- TASK DIRECTIONS -
Where in the data below does the word "leather" appear? Copy each line that holds it.

- SUPPLIED DATA -
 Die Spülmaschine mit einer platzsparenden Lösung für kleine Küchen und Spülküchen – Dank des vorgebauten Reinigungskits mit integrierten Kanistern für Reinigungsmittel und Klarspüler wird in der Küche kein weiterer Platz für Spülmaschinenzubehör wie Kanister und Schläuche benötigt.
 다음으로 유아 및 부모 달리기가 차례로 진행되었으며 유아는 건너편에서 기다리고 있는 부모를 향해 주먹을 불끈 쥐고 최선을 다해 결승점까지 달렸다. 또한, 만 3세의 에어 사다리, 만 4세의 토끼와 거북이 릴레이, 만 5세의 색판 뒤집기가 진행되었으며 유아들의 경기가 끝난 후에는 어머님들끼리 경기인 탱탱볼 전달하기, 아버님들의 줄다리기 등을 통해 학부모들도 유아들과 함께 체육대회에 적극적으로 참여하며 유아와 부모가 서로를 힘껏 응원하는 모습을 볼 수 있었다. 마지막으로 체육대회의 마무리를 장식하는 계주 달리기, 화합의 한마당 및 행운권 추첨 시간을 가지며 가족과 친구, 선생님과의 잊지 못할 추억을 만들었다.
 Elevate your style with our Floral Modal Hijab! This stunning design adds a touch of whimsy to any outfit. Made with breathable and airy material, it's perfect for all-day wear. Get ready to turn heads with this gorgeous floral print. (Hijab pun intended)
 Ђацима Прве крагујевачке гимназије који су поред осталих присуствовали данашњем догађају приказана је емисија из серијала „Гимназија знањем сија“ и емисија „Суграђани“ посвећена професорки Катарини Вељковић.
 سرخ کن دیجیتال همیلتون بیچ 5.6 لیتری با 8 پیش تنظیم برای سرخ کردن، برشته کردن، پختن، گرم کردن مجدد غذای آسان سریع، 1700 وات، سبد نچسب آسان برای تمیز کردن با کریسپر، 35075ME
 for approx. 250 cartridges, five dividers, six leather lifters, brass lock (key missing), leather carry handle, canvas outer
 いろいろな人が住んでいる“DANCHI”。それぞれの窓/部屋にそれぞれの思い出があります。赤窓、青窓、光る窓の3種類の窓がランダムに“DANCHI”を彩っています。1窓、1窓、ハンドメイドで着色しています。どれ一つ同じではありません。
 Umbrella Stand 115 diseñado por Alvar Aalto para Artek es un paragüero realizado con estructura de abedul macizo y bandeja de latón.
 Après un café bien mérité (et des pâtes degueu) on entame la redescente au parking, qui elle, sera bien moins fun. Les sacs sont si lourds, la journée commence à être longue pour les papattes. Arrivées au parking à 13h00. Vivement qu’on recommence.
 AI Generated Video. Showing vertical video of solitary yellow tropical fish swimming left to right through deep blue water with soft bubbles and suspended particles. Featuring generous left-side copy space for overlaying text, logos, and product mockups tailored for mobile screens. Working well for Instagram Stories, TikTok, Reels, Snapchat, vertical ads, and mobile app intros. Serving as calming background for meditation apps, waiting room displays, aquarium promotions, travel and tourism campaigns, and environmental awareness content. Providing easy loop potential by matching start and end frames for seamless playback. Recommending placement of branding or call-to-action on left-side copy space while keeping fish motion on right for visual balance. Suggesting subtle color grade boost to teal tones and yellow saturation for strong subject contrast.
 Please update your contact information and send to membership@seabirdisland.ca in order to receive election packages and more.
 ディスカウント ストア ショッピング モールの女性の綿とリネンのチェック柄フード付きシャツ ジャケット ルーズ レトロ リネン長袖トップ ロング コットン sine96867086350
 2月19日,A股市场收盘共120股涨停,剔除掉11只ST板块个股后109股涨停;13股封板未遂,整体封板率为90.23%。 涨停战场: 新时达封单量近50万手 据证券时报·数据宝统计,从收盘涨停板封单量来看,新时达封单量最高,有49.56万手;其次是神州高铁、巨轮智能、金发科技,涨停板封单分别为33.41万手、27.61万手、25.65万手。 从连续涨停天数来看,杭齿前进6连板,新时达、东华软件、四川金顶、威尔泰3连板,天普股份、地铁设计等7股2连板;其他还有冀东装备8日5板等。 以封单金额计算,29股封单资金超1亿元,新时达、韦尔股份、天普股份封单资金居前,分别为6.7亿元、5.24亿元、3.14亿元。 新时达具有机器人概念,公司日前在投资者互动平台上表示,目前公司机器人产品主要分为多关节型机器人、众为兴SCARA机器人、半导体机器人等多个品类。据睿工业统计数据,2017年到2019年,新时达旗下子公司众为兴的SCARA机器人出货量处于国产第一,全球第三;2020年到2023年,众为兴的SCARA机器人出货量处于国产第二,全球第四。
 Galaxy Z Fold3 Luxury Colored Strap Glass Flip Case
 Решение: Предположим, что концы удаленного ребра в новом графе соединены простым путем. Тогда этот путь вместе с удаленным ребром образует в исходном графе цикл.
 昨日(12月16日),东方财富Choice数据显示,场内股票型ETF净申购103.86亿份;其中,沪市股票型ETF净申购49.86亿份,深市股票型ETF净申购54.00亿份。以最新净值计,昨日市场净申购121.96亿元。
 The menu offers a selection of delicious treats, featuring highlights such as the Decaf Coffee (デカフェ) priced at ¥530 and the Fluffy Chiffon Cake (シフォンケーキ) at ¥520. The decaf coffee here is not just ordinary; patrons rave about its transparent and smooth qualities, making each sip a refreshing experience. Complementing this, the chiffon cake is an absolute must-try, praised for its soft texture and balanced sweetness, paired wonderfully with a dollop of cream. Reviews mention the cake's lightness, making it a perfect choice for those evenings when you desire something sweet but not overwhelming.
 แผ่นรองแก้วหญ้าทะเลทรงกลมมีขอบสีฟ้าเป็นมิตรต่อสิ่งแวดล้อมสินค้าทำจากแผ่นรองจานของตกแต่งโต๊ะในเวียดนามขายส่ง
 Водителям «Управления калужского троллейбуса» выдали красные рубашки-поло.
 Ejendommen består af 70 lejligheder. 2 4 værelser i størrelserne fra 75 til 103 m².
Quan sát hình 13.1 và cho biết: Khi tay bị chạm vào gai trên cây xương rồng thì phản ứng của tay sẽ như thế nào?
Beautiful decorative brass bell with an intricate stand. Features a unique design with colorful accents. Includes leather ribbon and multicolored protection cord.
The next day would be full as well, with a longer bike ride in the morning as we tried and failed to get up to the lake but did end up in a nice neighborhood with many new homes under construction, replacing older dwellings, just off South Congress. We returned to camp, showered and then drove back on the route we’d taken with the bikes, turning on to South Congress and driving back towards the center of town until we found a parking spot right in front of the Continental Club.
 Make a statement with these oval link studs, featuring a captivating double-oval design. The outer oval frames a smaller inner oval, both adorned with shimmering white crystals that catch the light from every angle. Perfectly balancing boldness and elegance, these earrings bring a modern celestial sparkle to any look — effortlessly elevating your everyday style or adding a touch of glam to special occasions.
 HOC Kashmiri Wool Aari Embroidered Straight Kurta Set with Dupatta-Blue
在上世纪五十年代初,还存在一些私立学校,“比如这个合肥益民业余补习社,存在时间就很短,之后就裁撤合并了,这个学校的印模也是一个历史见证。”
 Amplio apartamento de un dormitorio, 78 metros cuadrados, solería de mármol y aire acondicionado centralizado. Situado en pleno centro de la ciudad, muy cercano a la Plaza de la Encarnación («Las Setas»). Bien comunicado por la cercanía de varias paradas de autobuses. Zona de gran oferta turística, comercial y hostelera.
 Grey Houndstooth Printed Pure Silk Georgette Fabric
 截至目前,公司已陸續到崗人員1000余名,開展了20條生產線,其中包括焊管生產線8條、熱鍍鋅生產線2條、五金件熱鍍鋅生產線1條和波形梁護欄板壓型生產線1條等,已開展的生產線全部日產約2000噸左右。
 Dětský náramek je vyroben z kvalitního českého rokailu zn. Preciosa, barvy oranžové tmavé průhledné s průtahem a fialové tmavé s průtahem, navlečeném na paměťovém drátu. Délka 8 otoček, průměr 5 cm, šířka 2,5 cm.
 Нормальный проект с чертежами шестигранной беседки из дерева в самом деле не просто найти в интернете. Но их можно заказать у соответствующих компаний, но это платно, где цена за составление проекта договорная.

- WRITTEN SOLUTION -
 for approx. 250 cartridges, five dividers, six leather lifters, brass lock (key missing), leather carry handle, canvas outer
Beautiful decorative brass bell with an intricate stand. Features a unique design with colorful accents. Includes leather ribbon and multicolored protection cord.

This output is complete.